- Interactive map of Movile Cave
- Location: Near Mangalia, Constanța County, Romania
- Coordinates: 43°49′32″N 28°33′38″E﻿ / ﻿43.825694°N 28.560556°E
- Discovery: 1986
- Entrances: 1 (artificial)
- Hazards: Hypoxic atmosphere, with dangerous levels of carbon dioxide, hydrogen sulfide, and ammonia
- Features: Naturally sealed cave containing unique ecosystem supported by chemosynthesis

= Movile Cave =

Cave in Constanța County, Romania

Movile Cave (Peștera Movile) is a cave near Mangalia, Constanța County, Romania discovered in 1986 by Cristian Lascu during construction work a few kilometers from the Black Sea coast. It is notable for its unique subterranean groundwater ecosystem abundant in hydrogen sulfide and carbon dioxide, but low in oxygen. Life in the cave has been separated from the outside for the past 5.5 million years and it is based completely on chemosynthesis. Due to its extreme environment, access to Movile Cave is strictly controlled, and a limited number of researchers have permission to study its conditions.
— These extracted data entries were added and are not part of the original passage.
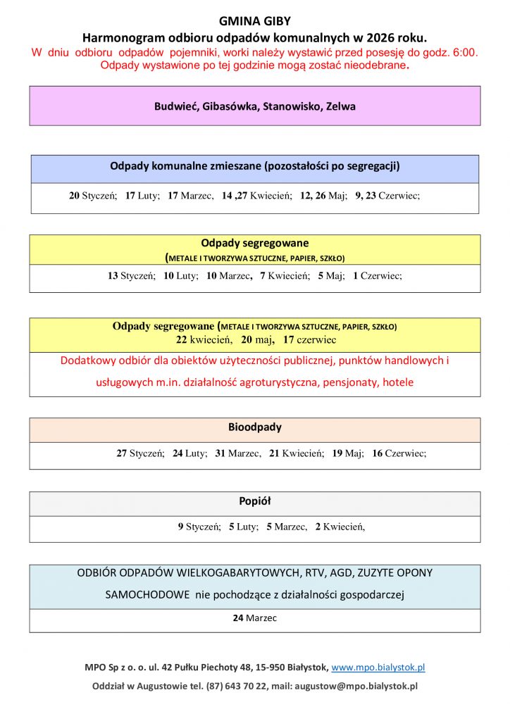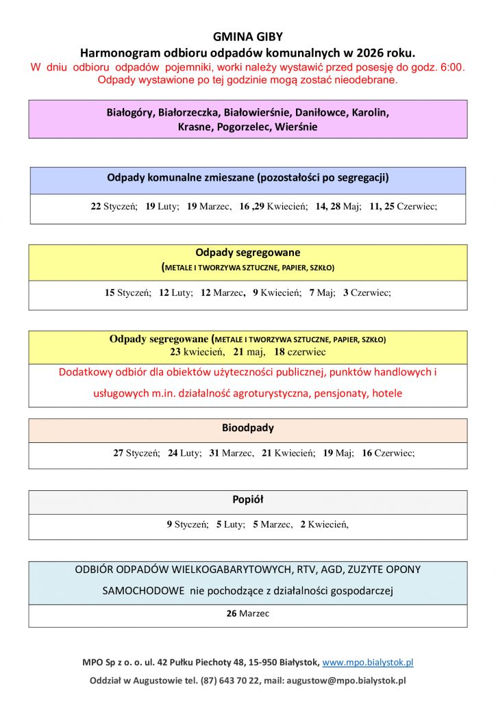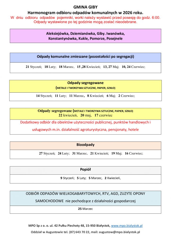 Harmonogram odbioru odpadów komunalnych w 2026 roku.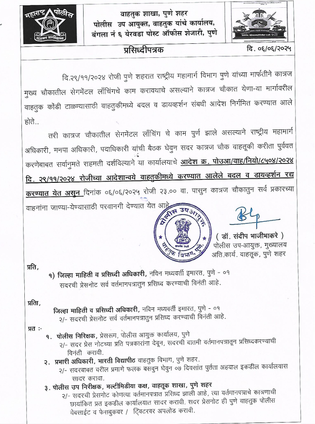 पुणे – कात्रज चौकात सुरू असलेले सेगमेंटल लाँचिंगचे काम पूर्ण झाल्यामुळे, आता सर्व प्रकारच्या वाहनांसाठी कात्रज चौक पुन्हा खुला करण्यात आला आहे. वाहतूक शाखेचे पोलीस उप आयुक्त डॉ. संदीप भाजीभाकरे यांनी यासंदर्भात अधिकृत प्रेसनोट प्रसिद्ध केली आहे.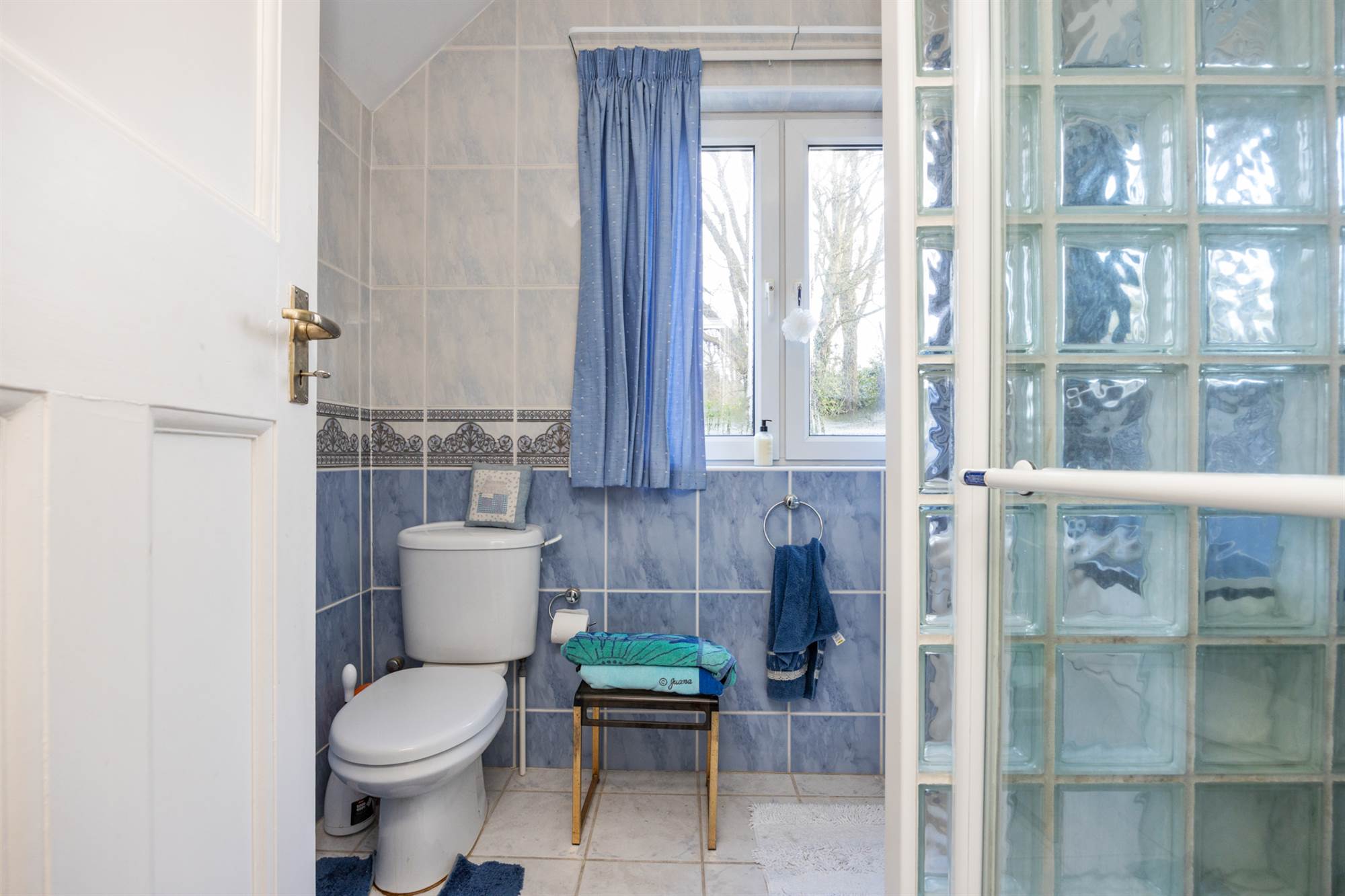 Low flush WC, wash hand basin with storage beneath, fully tiled shower with chrome thermostatic fitments, tiled floor, fully tiled walls, heated towel rail, recessed lighting.

Similar caves where life partly or fully depends on chemosynthesis have been found in Ein-Nur Cave and Ayalon Cave (Israel), Frasassi Caves (Italy), Melissotrypa Cave (Elassona municipality, Greece), Tashan Cave (Iran), caves in the Sharo-Argun Valley in the Caucasus Mountains, Lower Kane Cave and Cesspool Cave (Wyoming and Alleghany County, VA, USA), and Villa Luz Cave (Mexico).

==Description==
Movile Cave is a network of paths in limestone that are approximately 200 m long, with portions that are partially or fully submerged by hydrothermal waters. The temperature of the air and water is a constant 21 °C (70 °F) and the relative humidity is about 100%. Access to the cave is limited to a few researchers per year, to minimize external impact on the delicate ecosystem.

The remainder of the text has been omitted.